With the exception of the pictures, write out the data below precisely.

* _RECORDED DATA_
= Beginning of Section =

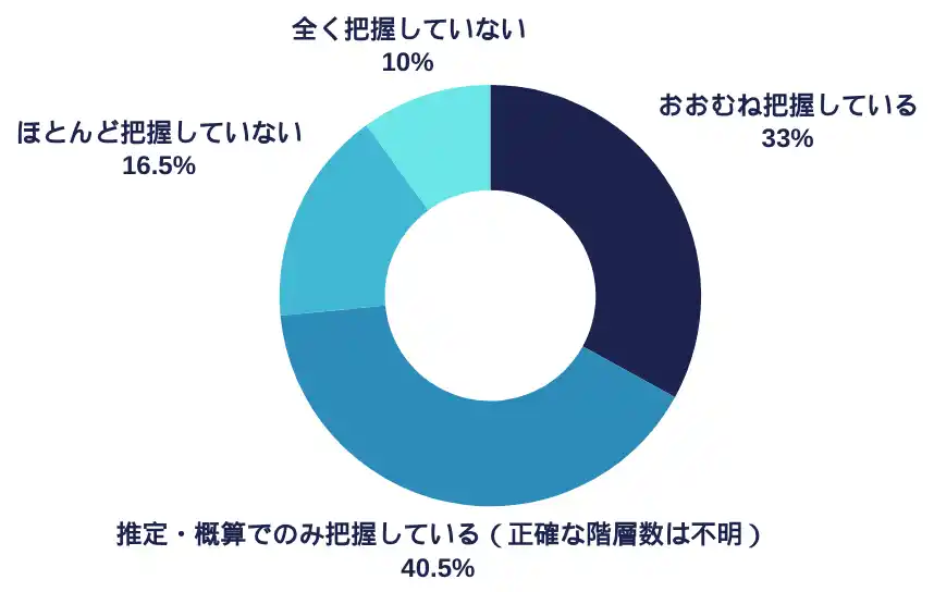 | 「具体的な階層数が分かる」荷主はわずか33%。品質・コスト・コンプライアンスにおける潜在的リスクが浮き彫りに。 |
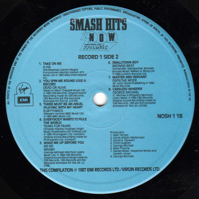 Side 2 A-Ha - Take on Me Dead or Alive - You Spin Me Round (Like a Record) Eurythmics - There Must Be An Angel (Playing With My Heart) Wham! - Wake Me Up Before You Go Go Bronski Beat - Smalltown Boy Depeche Mode - Master and Servant George Michael - Careless Whisper
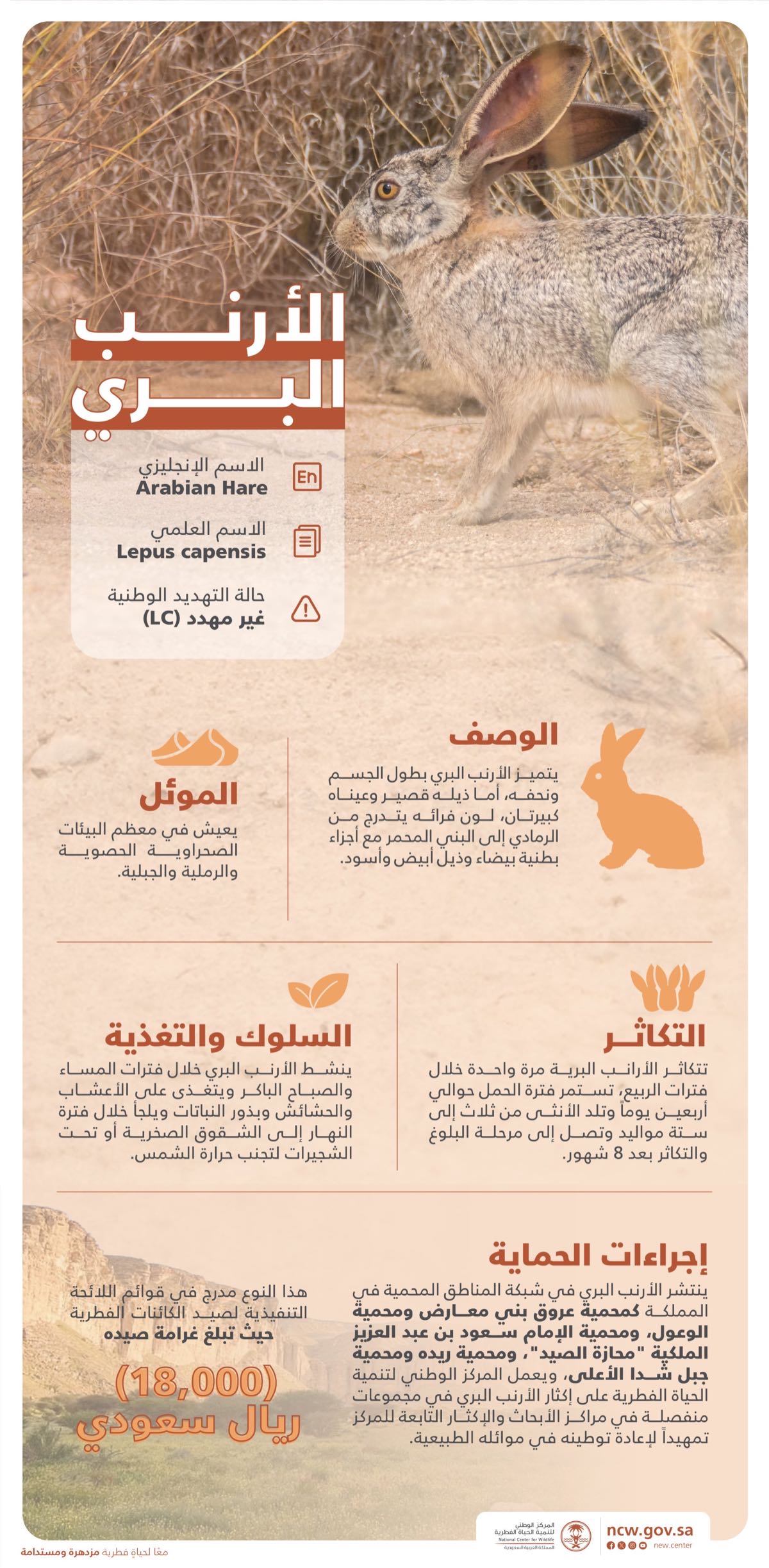 حدد المركز الوطني لتنمية الحياة الفطرية، غرامة صيد الأرنب البري، والتي تصل إلى 18 ألف ريال، باعتباره كائنا فطريا مدرجًا على اللائحة التنفيذية للمركز.

= End of Section =

* _RESULT OF THE EXERCISE_
 | 「具体的な階層数が分かる」荷主はわずか33%。品質・コスト・コンプライアンスにおける潜在的リスクが浮き彫りに。 |
 Side 2 A-Ha - Take on Me Dead or Alive - You Spin Me Round (Like a Record) Eurythmics - There Must Be An Angel (Playing With My Heart) Wham! - Wake Me Up Before You Go Go Bronski Beat - Smalltown Boy Depeche Mode - Master and Servant George Michael - Careless Whisper
 حدد المركز الوطني لتنمية الحياة الفطرية، غرامة صيد الأرنب البري، والتي تصل إلى 18 ألف ريال، باعتباره كائنا فطريا مدرجًا على اللائحة التنفيذية للمركز.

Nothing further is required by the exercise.